**Dataset extract**
┌────────

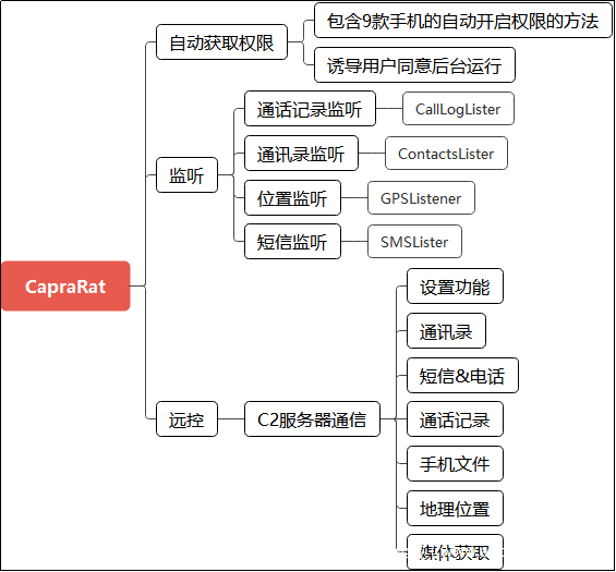 該CapraRat間諜軟件惡意軟件安裝后,會識別手機廠商,并自動獲取權限,然后誘導用戶同意后臺運行,并且啟動監(jiān)聽用戶的隱私信息,包括用戶的通訊錄、短信內(nèi)容、通訊記錄和用戶定位,遠程操控用戶手機,執(zhí)行發(fā)送短信、撥打電話、修改設置、錄音和上傳文件等惡意操作,CapraRat間諜軟件的運行流程圖3-1所示。
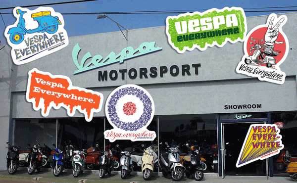 Vespa Motorsport is creating buzz with stickers as their vespa stock flies out the door. They are honoring 24 years of business with a killer party and the launch of an ad campaign titled: Vespa. Everywhere.
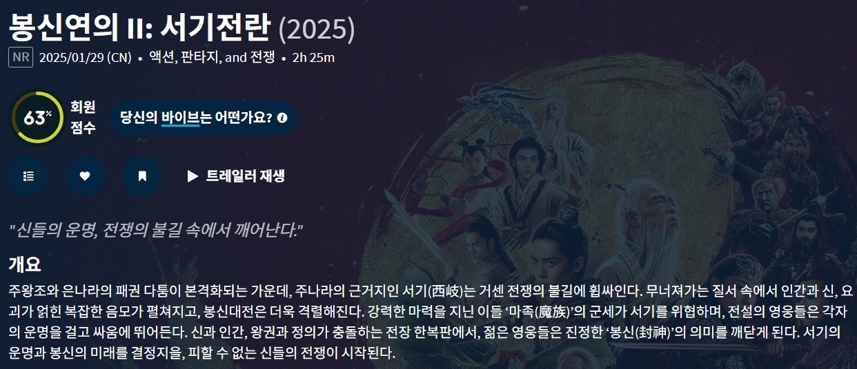 영화 봉신연의 II: 서기전란 (2025) "신들의 운... HOT #봉신연의 #서기전란 #신들의 봉신연의 II: 서기전란 (2025) "신들의 운명, 전쟁의 불길 속에서 깨어난다." gg*** 2026.04.11 6,305 326 영화 다운로드 (1개 파일) 봉신연의 II- 서기전란.mkv 3.1 GB 다운로드 개인 소장 목적으로만 이용 가능합니다. 재배포·상업적 이용 금지. TAGS #봉신연의 #서기전란 #신들의 #운명 #전쟁의 추천 326 저장 공유 목록 관련 콘텐츠 영화 [비포 던] 서부전선 900일간의 전쟁 실화 마지막 전투의 새벽 4,951 영화 [주토피아 2] Zootopia 2. 2025 (완벽 자막, 초고화질) 4,972 영화 [데드풀과 울버린] Deadpool & Wolverine. 2024 (휴 잭맨, 라이... 3,958
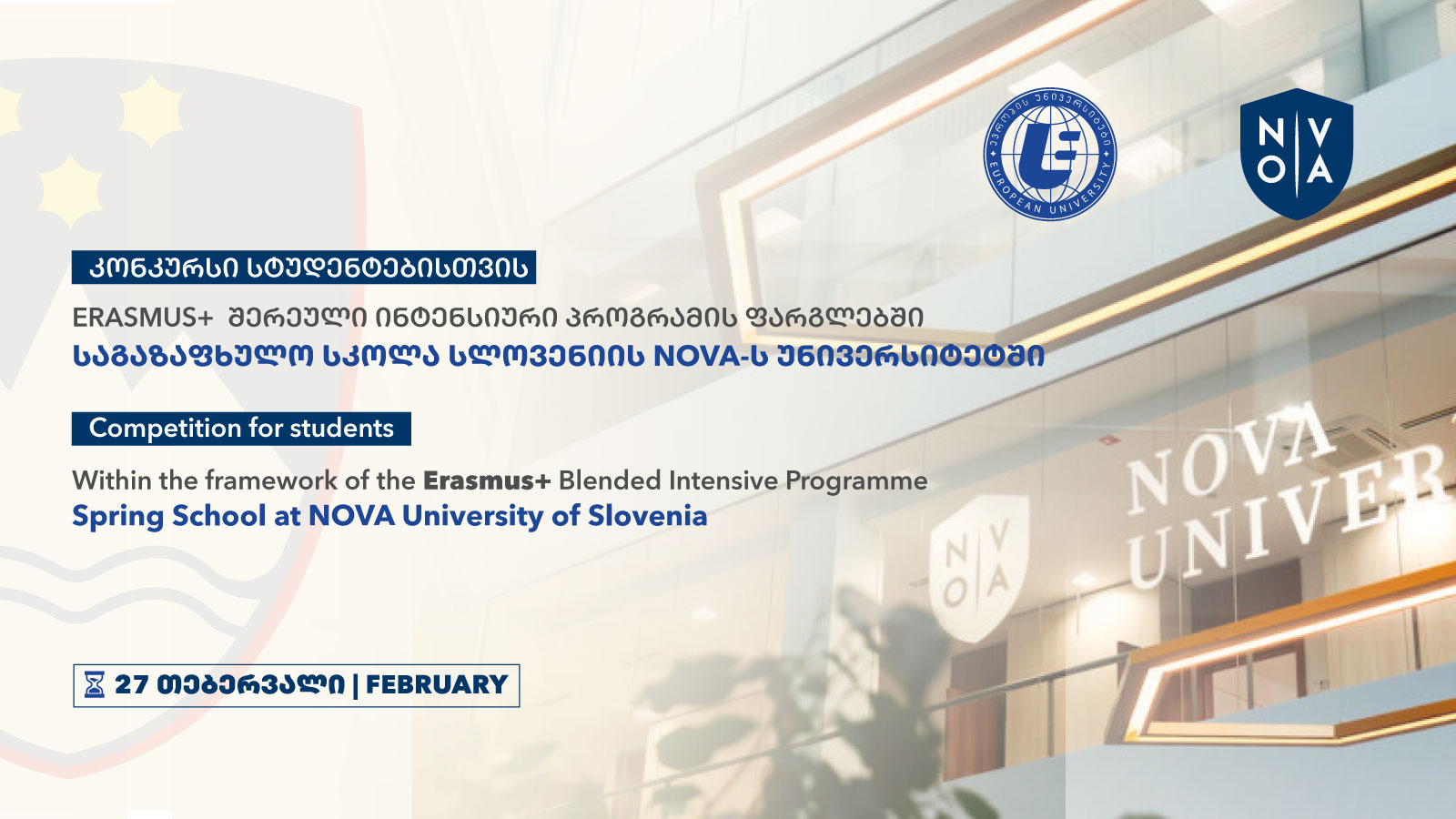 Erasmus+ პროგრამის ფარგლებში სლოვენიის NOVA-ს უნივერსიტეტში საგაზაფხულო სკოლის გასავლელად კონკურსი გამოცხადდა

└────────

**Exercise**
Retype exactly the lines above, starting at the line containing "영화 봉신연의 II: 서기전란" and ending with the last line, both included; leave out the pictures.

**Answer box**
 영화 봉신연의 II: 서기전란 (2025) "신들의 운... HOT #봉신연의 #서기전란 #신들의 봉신연의 II: 서기전란 (2025) "신들의 운명, 전쟁의 불길 속에서 깨어난다." gg*** 2026.04.11 6,305 326 영화 다운로드 (1개 파일) 봉신연의 II- 서기전란.mkv 3.1 GB 다운로드 개인 소장 목적으로만 이용 가능합니다. 재배포·상업적 이용 금지. TAGS #봉신연의 #서기전란 #신들의 #운명 #전쟁의 추천 326 저장 공유 목록 관련 콘텐츠 영화 [비포 던] 서부전선 900일간의 전쟁 실화 마지막 전투의 새벽 4,951 영화 [주토피아 2] Zootopia 2. 2025 (완벽 자막, 초고화질) 4,972 영화 [데드풀과 울버린] Deadpool & Wolverine. 2024 (휴 잭맨, 라이... 3,958
 Erasmus+ პროგრამის ფარგლებში სლოვენიის NOVA-ს უნივერსიტეტში საგაზაფხულო სკოლის გასავლელად კონკურსი გამოცხადდა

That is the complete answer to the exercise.